Extract a list of duplicates from three columns combined
This webpage demonstrates formulas that merge three non-adjacent cell ranges.
What's on this webpage
1. Extract a list of duplicates from two or more columns combined - Excel 365
This example demonstrates how to list duplicates from three cell ranges combined, the first cell range is B3:B21, the second cell range is D3:D8 and the third is F3:F9.
Note, the cell ranges are not adjacent and are in different sizes. The result is an array shown in cell H3 and cells below as far as needed.
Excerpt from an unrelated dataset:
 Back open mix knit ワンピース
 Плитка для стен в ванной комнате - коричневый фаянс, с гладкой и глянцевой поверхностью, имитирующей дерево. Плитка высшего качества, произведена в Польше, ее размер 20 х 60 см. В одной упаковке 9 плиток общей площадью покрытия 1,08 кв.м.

This is called spilling in Excel 365.
Excel 365 dynamic array formula in cell H3:
You are not limited to three cell ranges, you can use up to 254 cell ranges.
Explaining the formula in cell H3
Step 1 - Combine cell ranges
The TOCOL function rearranges values in 2D cell ranges to a single column.
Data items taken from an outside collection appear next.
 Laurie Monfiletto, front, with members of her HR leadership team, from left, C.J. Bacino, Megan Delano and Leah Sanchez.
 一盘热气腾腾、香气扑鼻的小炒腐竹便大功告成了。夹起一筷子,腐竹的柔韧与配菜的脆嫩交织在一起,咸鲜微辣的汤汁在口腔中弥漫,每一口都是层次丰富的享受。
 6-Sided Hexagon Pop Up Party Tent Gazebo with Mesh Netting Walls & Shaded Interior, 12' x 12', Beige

Function syntax: TOCOL(array, [ignore], [scan_by_col])
The TOCOL function lets you combine multiple cell ranges by adding parentheses and commas as delimiting characters.
TOCOL((B3:B21,D3:D8,F3:F9))
returns
{"Federer, Roger "; "Djokovic, Novak "; "Murray, Andy "; "Davydenko, Nikolay "; "Roddick, Andy "; "Del Potro, Juan Martin "; "Federer, Roger "; "Davydenko, Nikolay "; "Verdasco, Fernando "; "Gonzalez, Fernando "; "Wawrinka, Stanislas "; "Gonzalez, Fernando "; "Blake, James "; "Nalbandian, David "; "Robredo, Tommy "; "Wawrinka, Stanislas "; "Cilic, Marin "; "Stepanek, Radek "; "Almagro, Nicolas "; "Djokovic, Novak "; "May Smith"; "Davydenko, Nikolay "; "Julia Ford"; "Del Potro, Juan Martin "; "Julia Ford"; "Wawrinka, Stanislas "; "Murray, Andy "; "Davydenko, Nikolay "; "Ruth, Arvid"; "Julia Ford"; "Ruth, Arvid"; "Penelope Swanson"}.
Step 2 - Match values to the same values
The MATCH function returns the relative position of an item in an array that matches a specified value in a specific order.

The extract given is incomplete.